▶ _WORK INSTRUCTIONS_
From the line containing "全清9.5运动套装女拼色假两件休闲装2025夏季短袖长裤..." down to the final line of the entries below, return each line exactly and drop the pictures.

(Data entries)
════

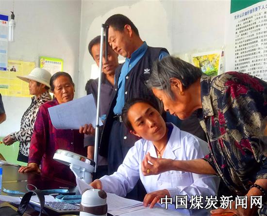 【本网讯】近日,贵州省盘州市柏果镇中心卫生院洒基分院医务工作人员来到盘江精煤股份公司土城矿,对分布在矿区内10个居委会超过65岁的老年人进行体检,体检涉及身高体重、尿检、肝肾功能、血压、视力、B超、心电图等相关检测。通过体检,使老年人及时掌握自身健康状况,做到无病早预防,有病早发现、早治疗,提高健康水平,老来有所“享”。图为医务人员耐心向老人介绍体检结果,解释身体健康情况
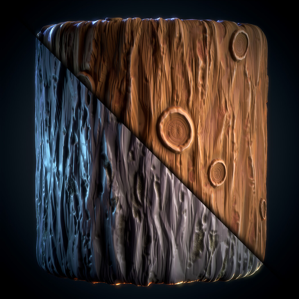 Tree Bark (Stylized) - VOL 08 - SBsar & Maps is designed in a real way and can be used for all kinds of games and animations. For use in all rendering and game engines SBSAR files with the ability to change all kinds of material parameters in the substance painter software (contains a photo of the parameters that can be changed) This materials can be used for the For tree trunks, wooden accessories, wooden doors and windows, houses and wooden war accessories such as shields, catapults, etc., advertising projects and architecture. Naming the clarity of all changeable items
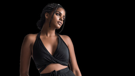 Fashion model posing with braided hair and stylish outfit on transparent background
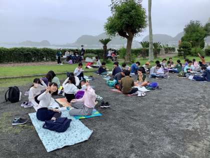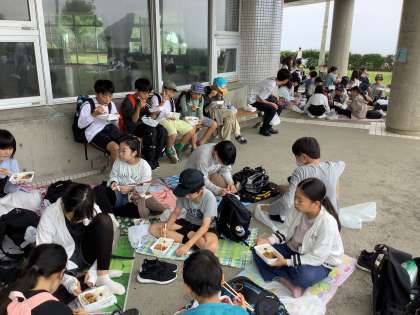鴨川青年の家に戻ってお昼ご飯です。みんなお弁当を美味しそうに食べていました。
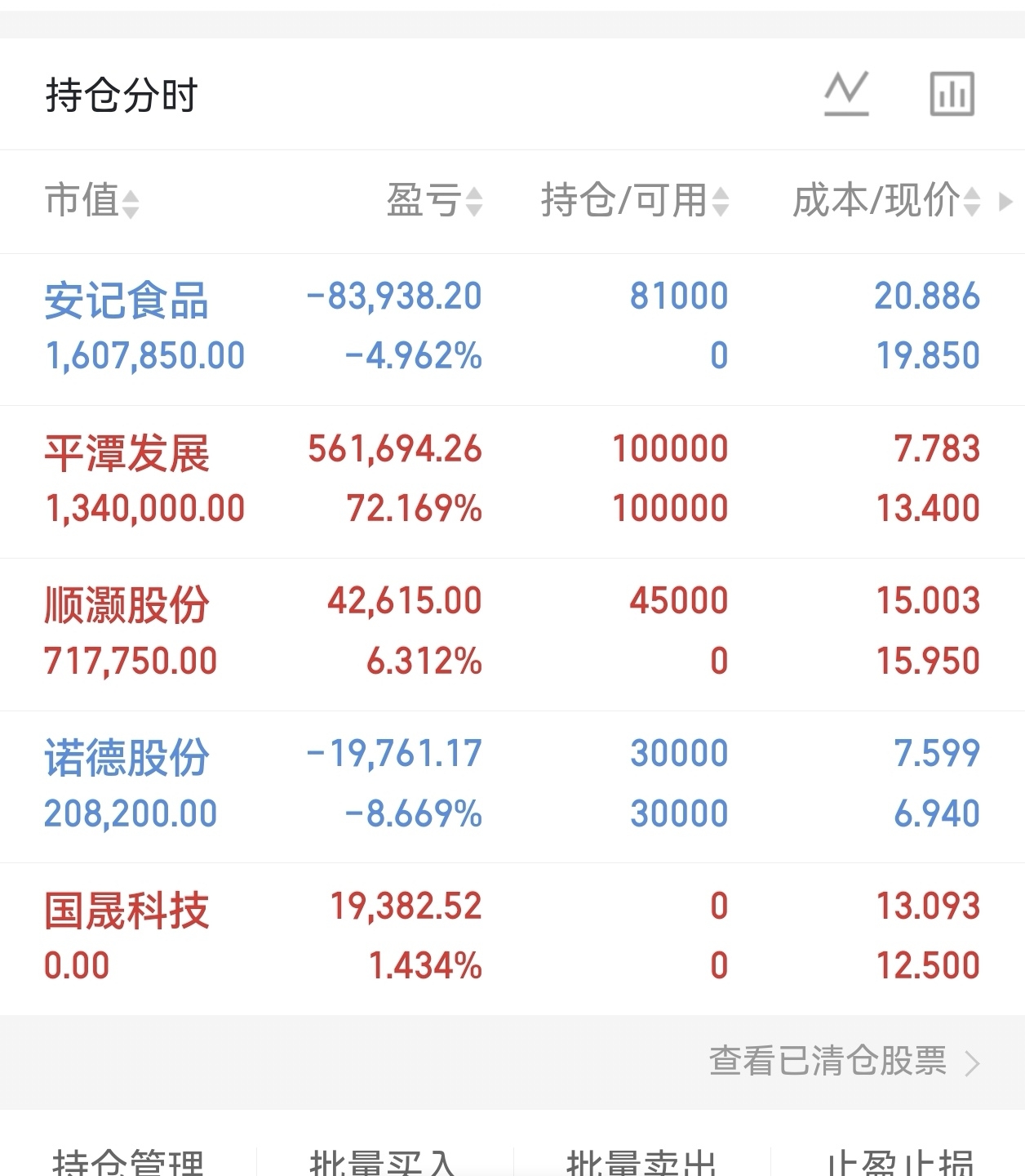 还有就是今天进了$顺灏股份(SZ002565)$ $安记食品(SH603696)$ 出了国晟科技!
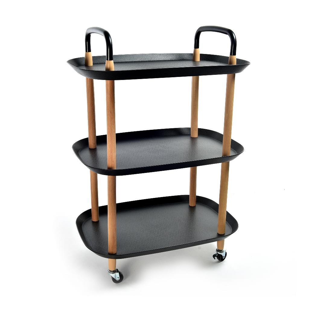 Il carrello con 3 ripiani in plastica nera e struttura in legno è un'ottima soluzione per organizzare e trasportare oggetti in esterni.
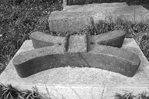 “灵谷寺双铁镇”位于灵谷寺景区志公殿前,其外形好似剪刀,四个向外翻的长圆角尺寸一样,正中间有两道凸起的直棱,直棱外侧各有一个圆孔。民间将“双铁镇”俗称为“飞来剪”,据了解,这种文物,全南京灵谷寺有一个,南博有一个,此外就只有湖南岳阳楼景区藏有三件。
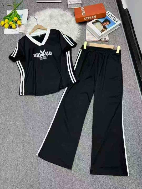 全清9.5运动套装女拼色假两件休闲装2025夏季短袖长裤...
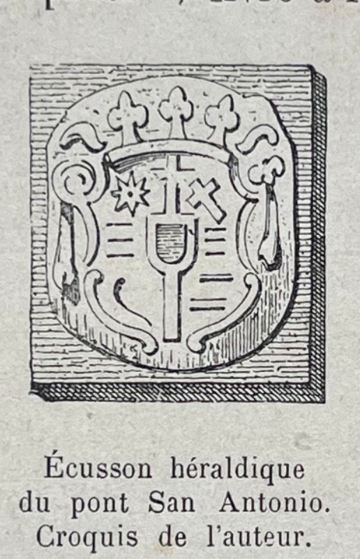 Se nos mustra una vista panorámica del artístico puente de san Antonio en la ruta que va hacia Bogotá, la capital de Colombia (América del sur). En su reverso, podemos ver un detalle del escudo heráldico que posee.

════

▶ _RESPONSE TO THE EXERCISE_
 全清9.5运动套装女拼色假两件休闲装2025夏季短袖长裤...
 Se nos mustra una vista panorámica del artístico puente de san Antonio en la ruta que va hacia Bogotá, la capital de Colombia (América del sur). En su reverso, podemos ver un detalle del escudo heráldico que posee.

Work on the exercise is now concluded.